About the business: A global leader in information and analytics, we help researchers and healthcare professionals advance science and improve health outcomes for the benefit of society. Building on our publishing heritage, we combine quality information and vast data sets with analytics to support visionary science and research, health education and interactive learning, as well as exceptional healthcare and clinical practice. At Elsevier, your work contributes to the world's grand challenges and a more sustainable future. We harness innovative technologies to support science and healthcare to partner for a better world.
About the team: You will be part of a team who combine quality information and vast data sets with analytics to support visionary science and research that contributes to the world's grand challenges and a more sustainable future
About the Role: As a Senior Data Scientist, you will lead and drive the strategic development and implementation of our AI solutions, overseeing the entire lifecycle of data science projects. Your role will involve not just the development and refinement of models, but also the mentorship of junior data scientists and collaboration with cross-functional teams to innovate and scale our data science initiatives.
Responsibilities
- Strategic Data Insights and Model Development: Spearhead data collection, analysis, and advanced model development, focusing on classification, deep learning, and innovative techniques. Define and assess quality metrics, presenting high-level insights to stakeholders while guiding junior team members.
- Advanced Production Solutions: Design and oversee the creation of sophisticated, production-ready Python packages for data science pipelines. Collaborate extensively with technology teams to ensure seamless deployment and scalability.
- End-to-End Integration and Quality Assurance Leadership: Take charge of integrating data science components and conducting rigorous quality assessments, leveraging expertise in large language models. Establish resilience against model drift and develop comprehensive maintenance strategies, including automated model re-training protocols.
- Performance Evaluation and Strategic Development: Develop comprehensive reporting mechanisms for pipeline performance and lead in the implementation of automatic re-training strategies for existing pipelines, ensuring continuous optimization.
Requirements
- Education and Experience: Minimum of 3 years of relevant applied experience and a Master's degree or higher in computer science, data science, artificial intelligence, mathematics, statistics, or related quantitative fields.
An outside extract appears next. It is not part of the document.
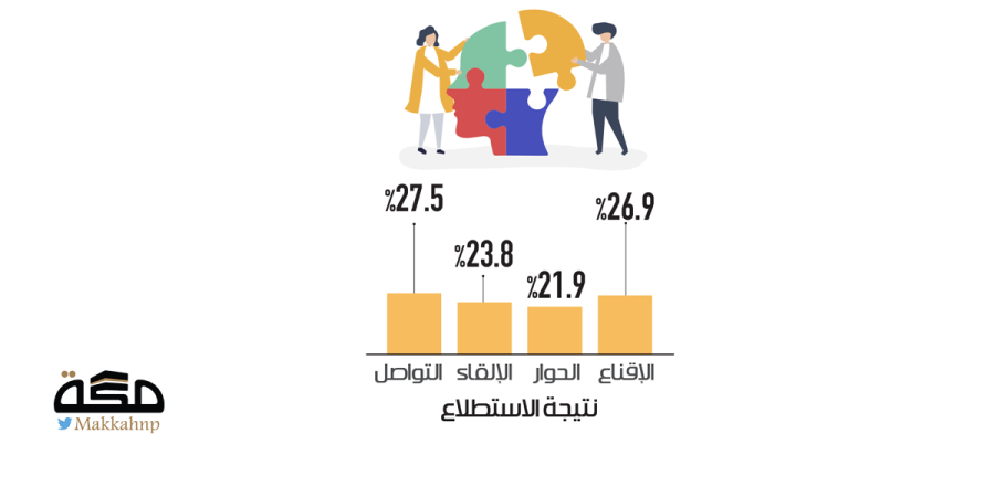 كشف استطلاع للرأي أجرته مؤسسة «مسك المجتمع» عن أن التواصل جاء في مقدمة المهارات التي يحتاجها الشباب لصناعة التأثير الإيجابي في المجتمع بنسبة تزيد على 27%، تليها مهارات أخرى كالإقناع والإلقاء والحوار.
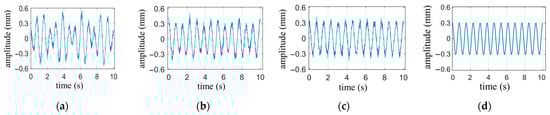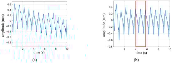 The waveform of the respiratory signal is generated based on Equation (9), with the following parameter settings: , , and . The heartbeat signal is simulated using a single-tone wave with the parameters amplitude , frequency and the initial phase is zero. Gaussian white noise with a signal-to-noise ratio of 40 dB is added to the signal. The duration of the waveform is set to 10 s. The simulated waveform is shown in Figure 4. Since the amplitude intensity of the respiratory signal is 20 times stronger than that of the heartbeat signal, the overall waveform in Figure 4 primarily represents the periodic characteristics of the respiratory signal, with the heartbeat waveform being clearly visible only in the smooth region of respiration. The cutoff frequency for the high-pass filter is set to 0.8 Hz.

Alternatively, at least 4 years of relevant experience. Considerable experience leading complex data science projects is highly valued.
- Advanced Programming Proficiency: Demonstrated expertise in Python, with a proven track record of delivering high-quality, production-ready code following best practices, while mentoring junior team members in this aspect.
- Advanced Machine Learning Expertise: Extensive hands-on experience in advanced classification, regression, clustering, and deep learning techniques. Mastery in neural networks, large language models, and cutting-edge ML algorithms.
- Deep Knowledge of Large Language Models: Mastery in utilizing and integrating large language models for sophisticated natural language processing tasks, guiding the team in leveraging these models effectively.
- Expert Data Manipulation Skills: Mastery in data processing, cleaning, and analysis, with advanced expertise in tools like Pandas, NumPy, Matplotlib, and SciPy.
- Advanced Communication Skills: Exceptional communication and presentation skills, especially in conveying complex data science concepts to both technical and non-technical stakeholders.
- Strategic Analytical Thinking: Demonstrated ability to strategically solve complex problems and translate intricate requirements into effective solutions.
- Expert Technical Competence: Advanced proficiency in Git, DevOps, CI/CD, and extensive experience in cloud computing platforms like AWS and Azure.
- Continuous Learning and Mentorship: Demonstrated commitment to continuous learning and a keen interest in mentoring junior team members, driving innovation, and staying updated in MLOps and data science productionization.
Nice to Have
- Extensive experience in optimizing production processes through parallelization, multi-threading, and automated model re-training.
- Proficiency in MLOps frameworks (e.g., SageMaker, Kubeflow, MLFlow) and big data processing frameworks (e.g., Spark, Hadoop, Databricks).
- Advanced software engineering skills, including proficiency in additional programming languages like Java and SQL, along with comprehensive knowledge of relational databases, semi-structured and unstructured document formats (e.g., JSON and XML), REST interfaces, micro-services, and UML.
Work in a way that works for you:
We promote a healthy work/life balance across the organisation. We offer an appealing working prospect for our people. With numerous wellbeing initiatives, shared parental leave, study assistance and sabbaticals, we will help you meet your immediate responsibilities and your long-term goals.